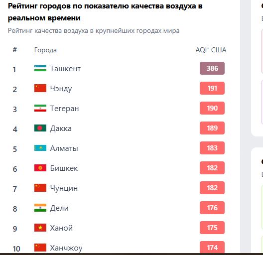 Бишкек оказался в топ-6 городов мира с самым загрязненным воздухом. Об этом свидетельствуют данные международных платформ мониторинга качества воздуха. Информация актуальна на 17.30.
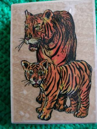 Four quality new wooden stamps for greeting card making. Large size elephant, tigers, giraffe and tropical birds.
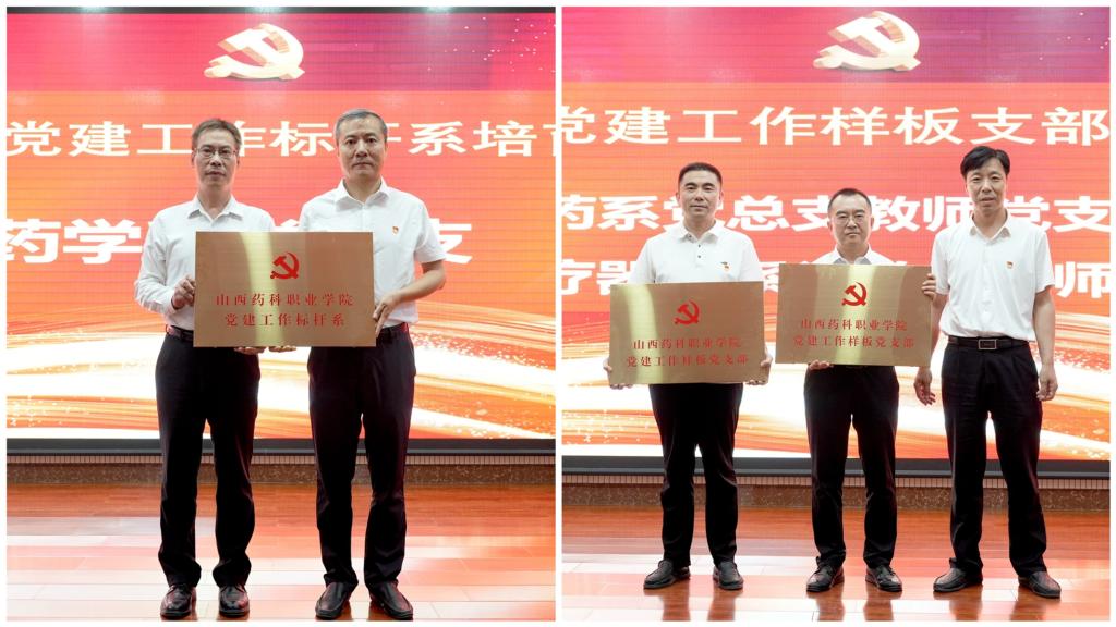 会上,为学院第二批党建工作标杆系培育创建单位药学系党总支和第二批党建工作样板支部培育创建单位中药系党总支教师党支部、医疗器械系党总支师生联合党支部分别授牌;5名基层党组织书记汇报了全国党建工作样板支部和学院党建工作标杆系申报和创建情况。
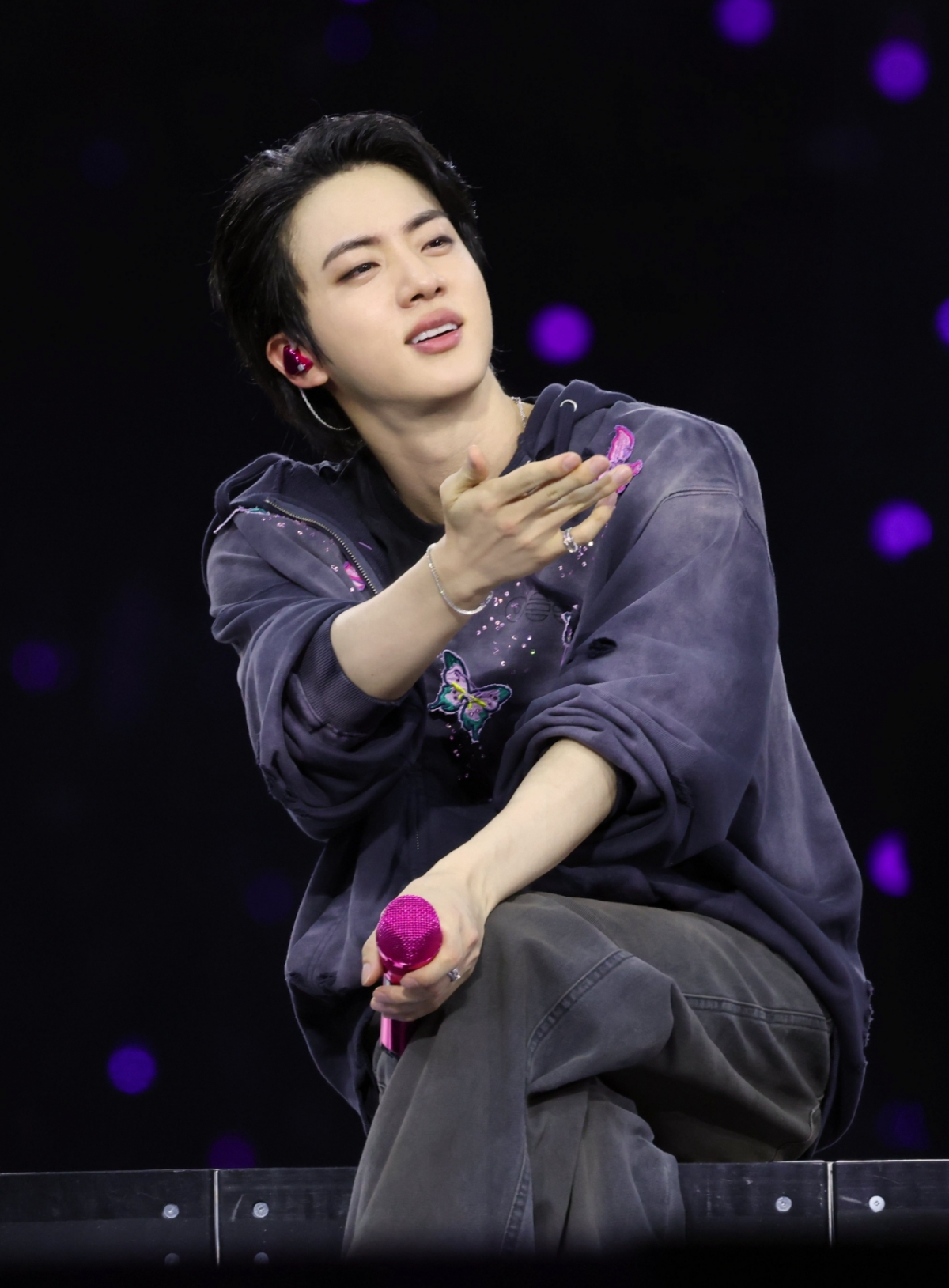 Jin所属的防弹少年团26日(韩国时间)在佛罗里达州坦帕雷蒙德詹姆斯体育场举行了阿里郎世界巡演(BTS WORLD TOUR'ARIRANG' IN TAMPA)的美国首场演出。
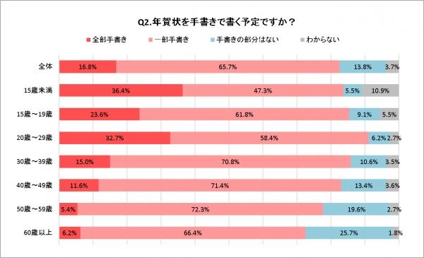 年賀状を「全部手書き」または「一部手書き」で書く予定と答えた人は全世代で82.5%に上りました。世代別に見ると20代が91.1%と最も高い結果となっています。

## WORK REQUEST
In your reply, please set down exactly the lines from the one containing "Four quality new" through the end of the records, with the pictures left out.

## WORKED SOLUTION
 Four quality new wooden stamps for greeting card making. Large size elephant, tigers, giraffe and tropical birds.
 会上,为学院第二批党建工作标杆系培育创建单位药学系党总支和第二批党建工作样板支部培育创建单位中药系党总支教师党支部、医疗器械系党总支师生联合党支部分别授牌;5名基层党组织书记汇报了全国党建工作样板支部和学院党建工作标杆系申报和创建情况。
 Jin所属的防弹少年团26日(韩国时间)在佛罗里达州坦帕雷蒙德詹姆斯体育场举行了阿里郎世界巡演(BTS WORLD TOUR'ARIRANG' IN TAMPA)的美国首场演出。
 年賀状を「全部手書き」または「一部手書き」で書く予定と答えた人は全世代で82.5%に上りました。世代別に見ると20代が91.1%と最も高い結果となっています。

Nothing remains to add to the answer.